Dari stadion megah ke kamp pengungsian, Beckham membuktikan bahwa kemenangan sejati tidak selalu hadir dalam sorak sorai, tetapi dalam senyum anak-anak yang kembali punya masa depan.
Berikut kisah Beckham yang menjadi cover Majalah Time edisi The 100 Most Influential Leader in Philantrophy.
***
Sebuah ruangan di pusat kota London. Dindingnya dihiasi foto-foto dari seluruh dunia: anak-anak tersenyum di tenda pengungsian Suriah, relawan medis di Afrika Tengah, dan para perempuan muda yang lulus dari pelatihan menjahit di Bangladesh.

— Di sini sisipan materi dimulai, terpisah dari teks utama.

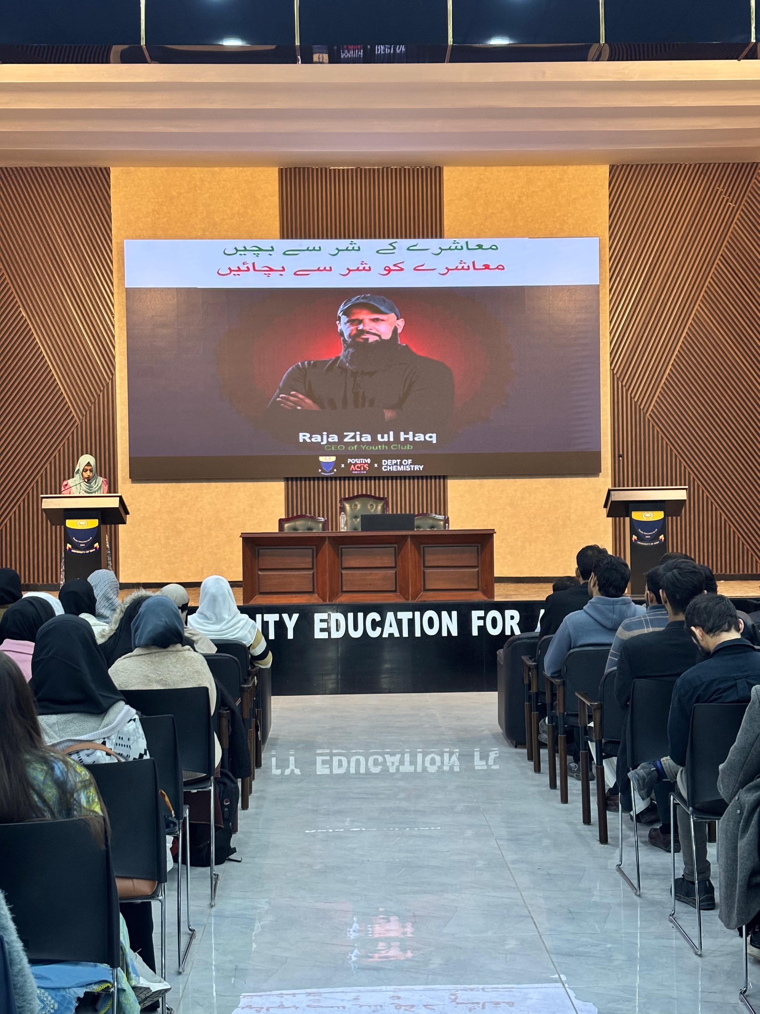 Department of Chemistry, under the supervision of Chairperson Dr. Humaira Razzaq, organized a motivational talk in collaboration with Positive Acts on 29 January 2026. The session aimed to instill strong social and ethical values among students and featured Mr. Raja Zia ul Haq, CEO of Youth Club, as the keynote speaker.

Di tengah ruangan itu, berdiri sosok yang tak asing—dengan potongan rambut rapi, lengan bertato, dan sorot mata yang tak lagi bicara soal trofi, tetapi soal harapan. David Beckham, mantan kapten timnas Inggris, kini mengemban peran baru: pejuang kemanusiaan global.
Dalam edisi perdana TIME100 Philanthropy, nama Beckham muncul sebagai salah satu dari 100 tokoh paling berpengaruh dalam bidang derma dan filantropi. Ia berdiri sejajar dengan nama-nama seperti Michael Bloomberg, Mark Suzman dari Gates Foundation, dan pemikir generasi baru seperti Marlene Engelhorn dan Dustin Moskovitz.
Tapi Beckham berbeda. Ia datang bukan dari dunia dana abadi atau ekosistem akademik, melainkan dari stadion-stadion yang penuh sorak. Ia membawa sesuatu yang lain: determinasi seorang atlet, dan tekad seorang ayah.“The competitive part of it is, I want to see wins,” ujar Beckham.

Itu bukan sekadar ucapan. Bagi Beckham, dunia filantropi bukan hanya tentang memberi; itu tentang menciptakan hasil nyata—angka yang membaik, kehidupan yang berubah, dan masa depan yang lebih layak.
Dari UNICEF ke Medan Krisis Global
Beckham telah menjadi Duta Besar UNICEF sejak 2005, setahun setelah ia mengantar Inggris ke perempat final Euro 2004. Pada awalnya, banyak yang skeptis—mengira kehadirannya hanya sebatas wajah tampan di poster kampanye. Namun waktu membuktikan sebaliknya. Beckham tak sekadar hadir; ia menyelami.